New Water, New Opportunities

fishing report-snook

Zach and Foster

An angler returning to his home waters from a two-month trip abroad would have a hard time believing his eyes. Record-setting rainfall through June and July has altered our lakes quickly and dramatically.

All this new water has certainly changed the fishing.

Although the bass there are harder now to nail down, local fishers are happy about the off-season speckled perch bite at Newnan’s Lake. Fish are being pulled from both mid lake depths and from around pads and brush nearer the cypress treeline. In the earlier weeks of its recent rise, Newnan’s bass could be found fairly easily as they made for their favorite habitat that had been high and dry. When water finally flowed again around the bases of the cypress, the bass were there. Now, bassers are finding the fishing to be more like the proverbial “needle in a haystack”. The same number of needles (bass) are now scattered in a very hard-to-access and much larger haystack.

While the water is also much higher on Orange and Lochloosa, these lakes haven’t reached the incredibly-high level of the lake (Newnan’s) above them in the watershed. Bream are biting well on Lochloosa, and decent speckled perch catches have come frequently from Orange. Interestingly, bass anglers say their favorite fish are very hard to find here….possibly due to that ‘bigger haystack’ theory. Access onto Orange from Cross Creek and Marjorie Rawlings Park, though, has been ‘iffy’ at best. Depending on the wind direction, weeds have often plugged these access points shut. Heagy-Burry Park on the Marion County side is probably the safest spot to put a boat into Orange.
For bass, the bite might be best now near Rodman Dam, where some locals have scored eye-popping catches of both largemouth and hybrid Sunshine bass while casting small jigs with Bass Assassin Crappie Dapper tails in the swollen turbulence below the dam.

Around a month ago, some concerned anglers reported seeing dead crayfish and baitfish in Rodman Reservoir, proper. This isn’t very surprising, as low dissolved oxygen is not uncommon here following periods of heavy rainfall. But now, things have apparently come around quickly and bass action has ramped up dramatically. In Saturday’s Northeast Division Florida BASS Nation qualifier held out of Kenwood Landing, Jay Daily of Melrose drew out to fish with Jacksonville’s Jerry Shawver. While in the store Wednesday, Daily said they caught an estimated 80 bass through the day. At one point, Daily caught two fish on one cast with his ‘Alabama’ umbrella Rig. Then, on the next cast, his 5-lure rig produced 3 bass—all two-pounders. And that is a rare feat, indeed.

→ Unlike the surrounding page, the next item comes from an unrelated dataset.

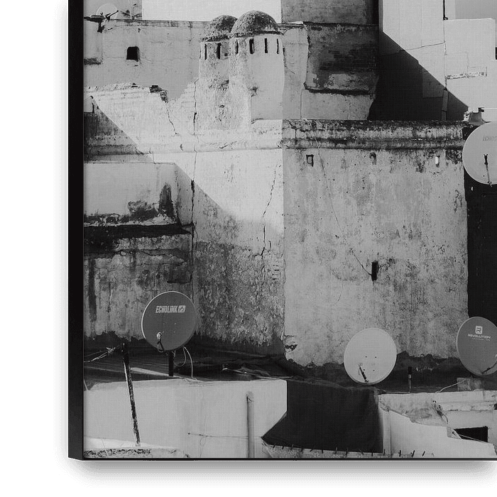 Bestelle das Foto Blick auf die Moschee von Tétouan: schwarz und weiß von Karibu Fotografie als Reproduktion auf Leinwand, Alu-Dibond, als Poster, Fototapete oder Acrylglasbild.
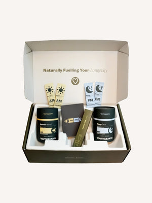 Améliorez votre routine avec le AM : Sunrise Blend & PM : Sleep Dust Bundle - votreclé pour une vie plus équilibrée, vibrante et rajeunie. Parfait pour ceux qui recherchent un un regain d'énergie naturelle le matin et un soutien à la relaxation le soir.

According to our cast net-throwing St. John’s River sources, numbers of saltwater shrimp on their annual trek up the river continue to slowly improve. The discriminating Palatka locals, though, say the crustaceans are still too small to harvest for food. Most of the shrimping experts seem to stick with the “middle of August” as their best guess as to when the shrimp might be sufficiently large and abundant to warrant an all-out effort.

Saturday, Shaun Abolverdi fished with son, Foster and grandson, Zach Jr. at his secret hotspot out of Cedar Key. Near the evening high tide, the fish started feeding and the Abolverdis bagged three legal redfish. Then they made a lifelong memory when young Zach’s finger mullet drew a big bite. Following a spirited battle, the 8-year old had his fish whipped. With help from his uncle and granddad, Zach measured his big snook at 32-inches before a quick photo and release.

The Florida Fish and Wildlife Conservation Commission says it has been hearing concerns regarding the spotted seatrout population, and so they set up a series of workshops throughout the state to hear comments from the public. The speckled trout is the most avidly-sought gulf inshore species, and FWC will be gathering comment from trout fishers to determine whether further management restrictions are warranted. Several workshops around the state have been scheduled in August to discuss and receive public comment regarding spotted seatrout. Just-completed meetings were held at Cedar Key and Crystal River, and another will be held on August 16 at the Steinhatchee Community Center.

Also in progress is a series of workshops addressing the management of Goliath grouper. This discussion will likely center around a proposed limited harvest of the long-protected giants in Florida state waters. For us, the nearest of the Goliath meetings will be held at Crystal River on August 8. The FWC meetings run from 6 to 8 p.m. local time.